We can see that by changing to a CNN for images we have gained around 2 percent accuracy already. If you want to play around with this example you will be able to gain even more by modifying the network to include regularization methods such as dropout, augmenting or preprocessing your data, constructing larger and deeper models and finding better hyperparameters such as learning rates or mini-batch sizes.  

### How well did the model do?
In Machine Learning research it is crucial to compare and contrast a model to other researchers implementations. Many of the current Machine Learning datasets are posed as benchmarks where results are rigorously tracked in order to examine the efficiency and efficacy of a model or algorithm proposition.

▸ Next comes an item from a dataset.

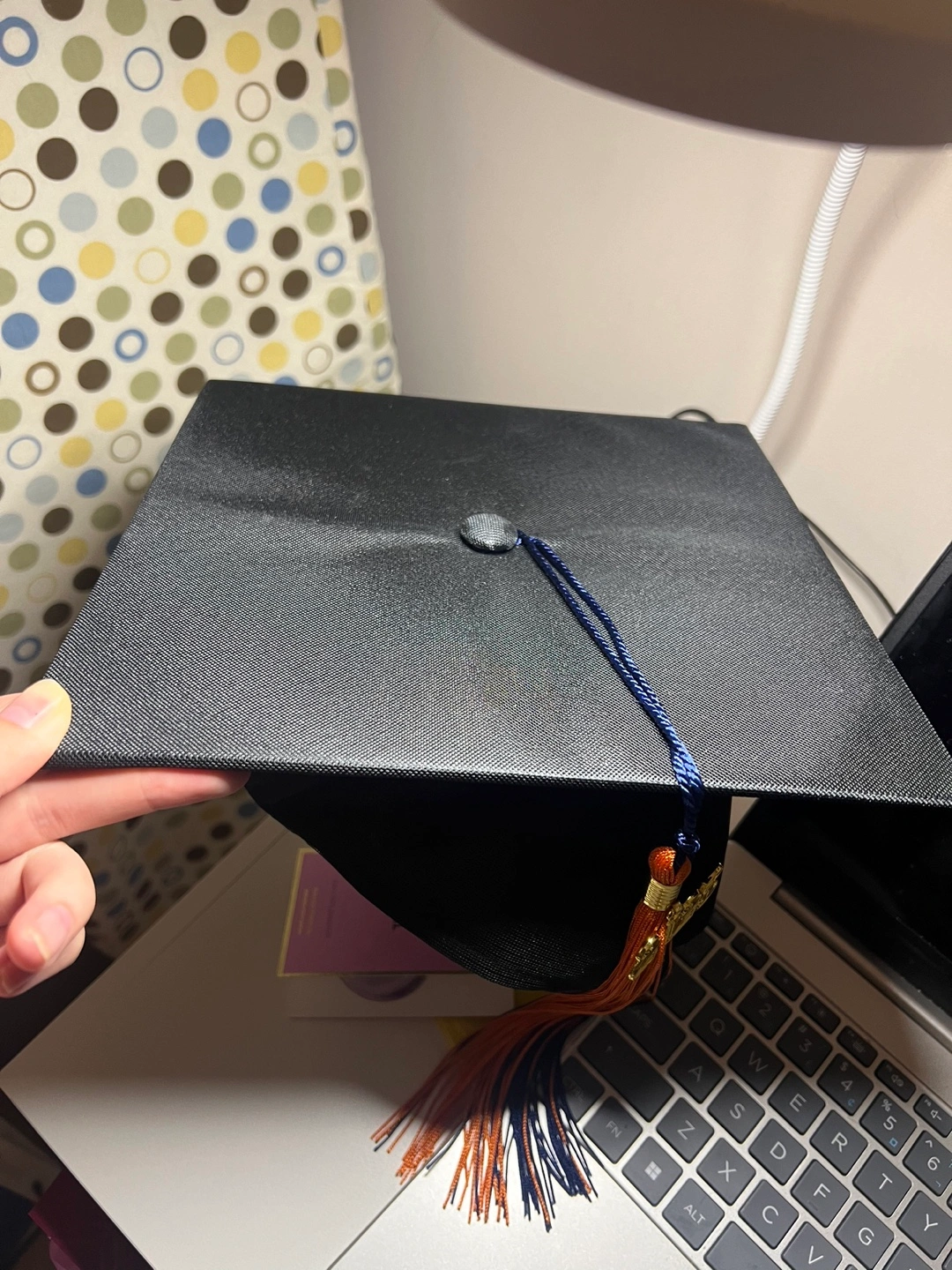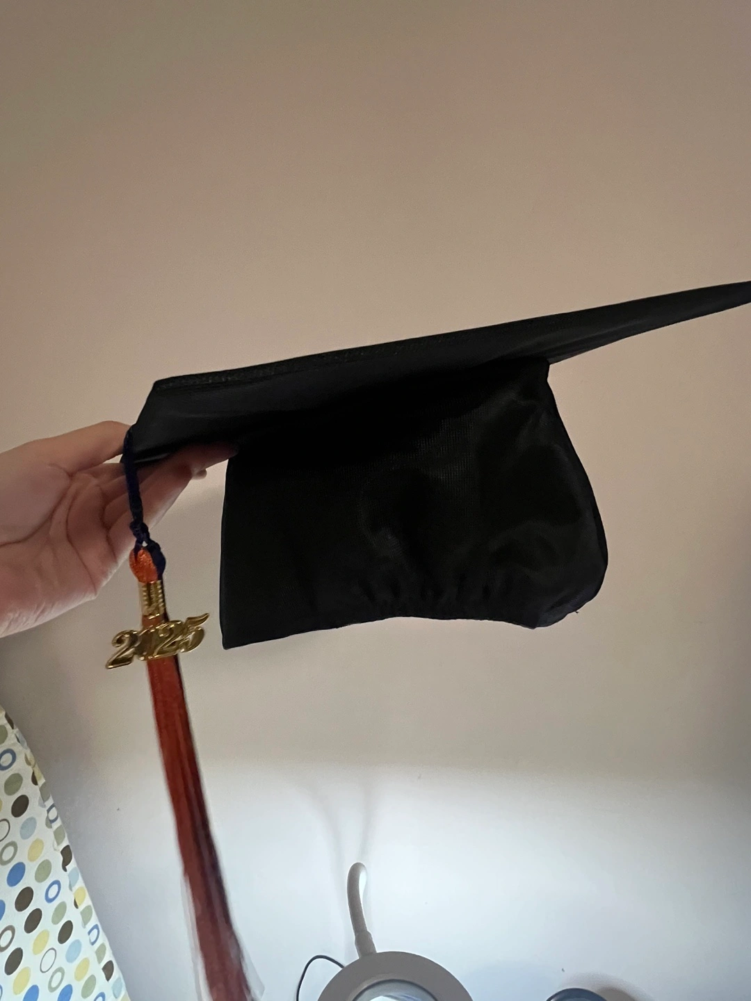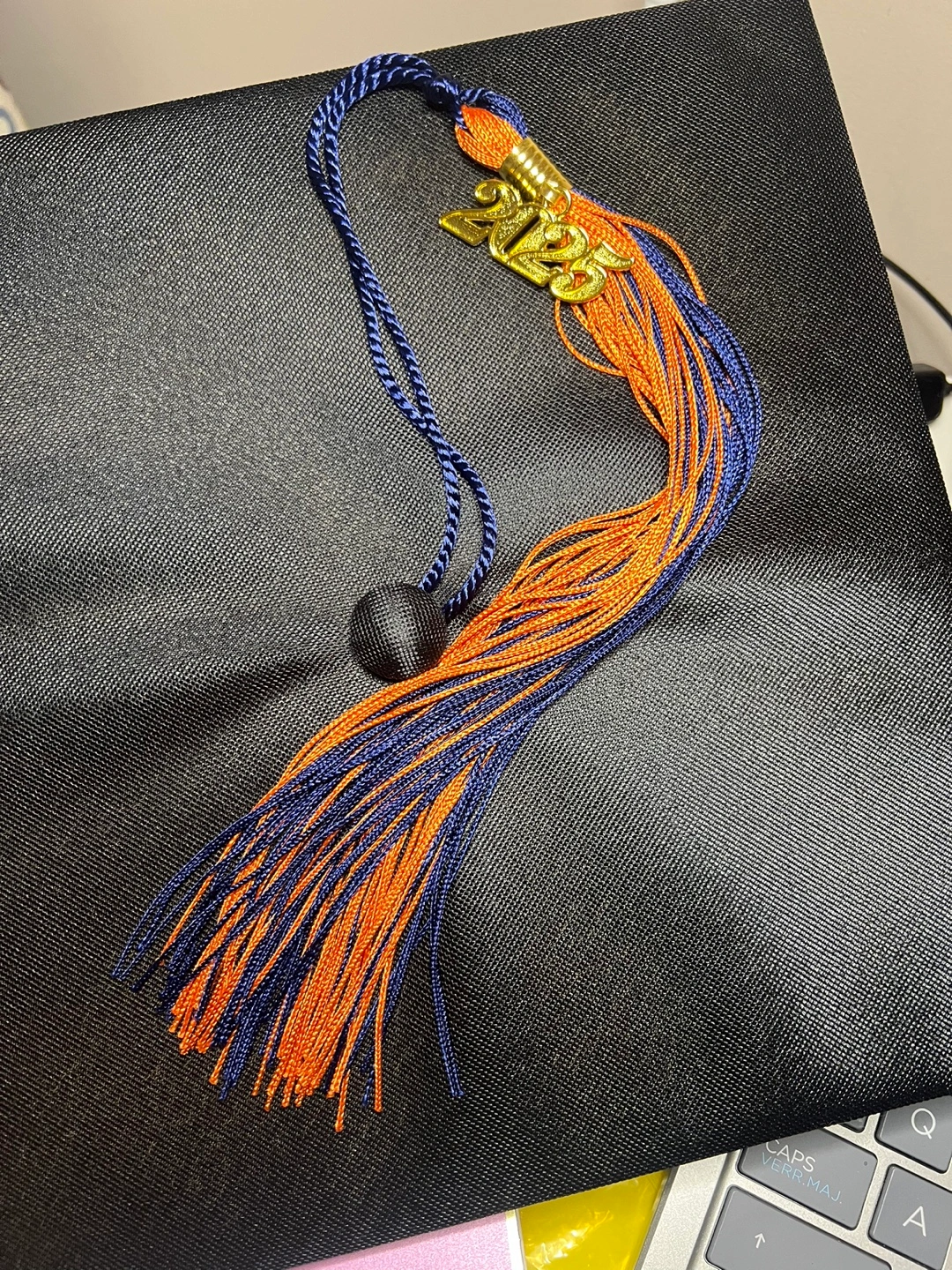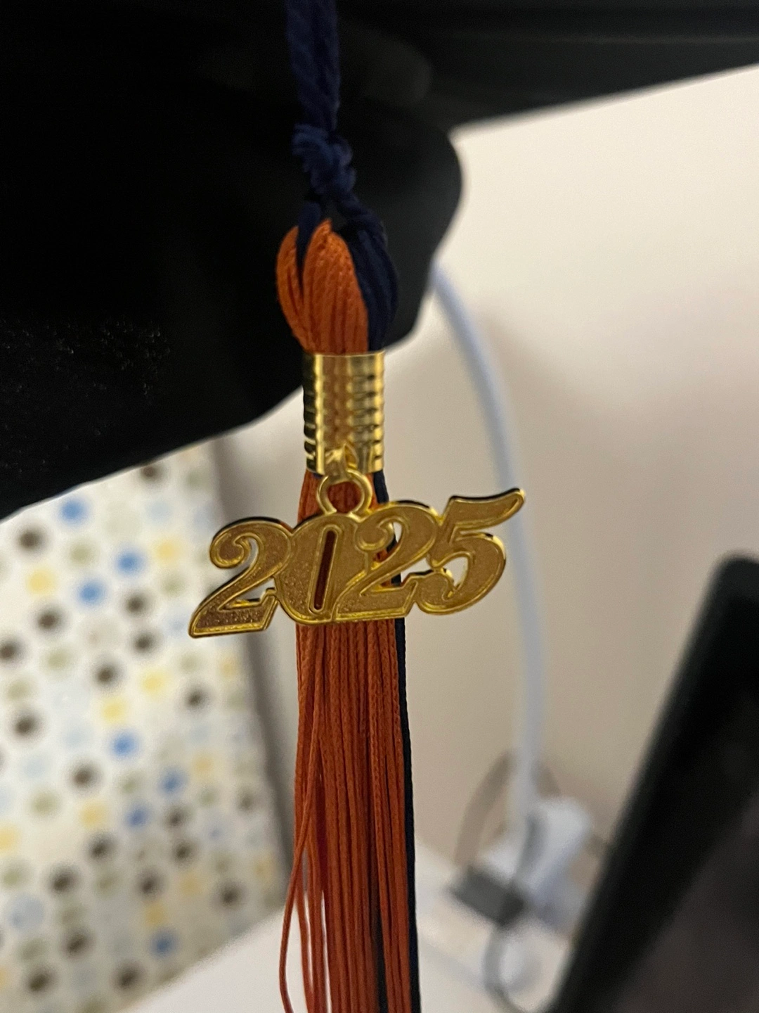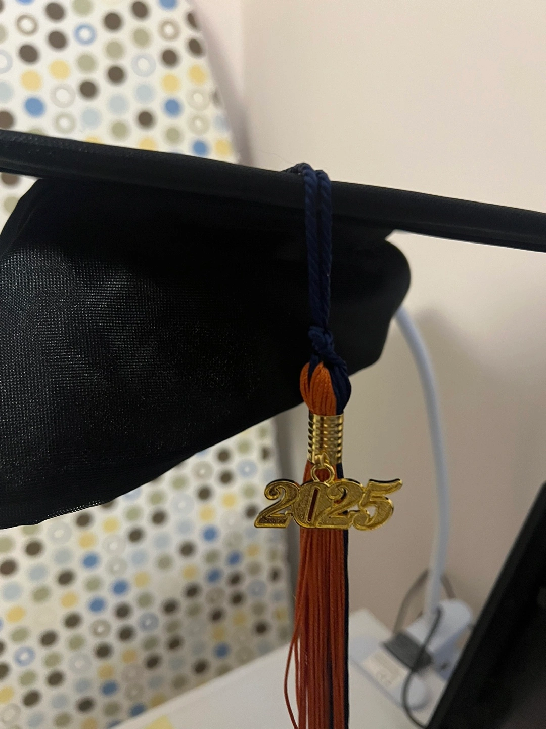 Brand new, never worn Black graduation cap and 2025 tassel in dark blue and orange. Tassel removable.

For the fashion MNIST dataset you can check how well both of your models (from scratch and in PyTorch) perform here:
http://fashion-mnist.s3-website.eu-central-1.amazonaws.com/#

Do keep in mind that in order to analyze the usefulness of a method one should always compare and contrast on a variety of different datasets with varying task and complexity.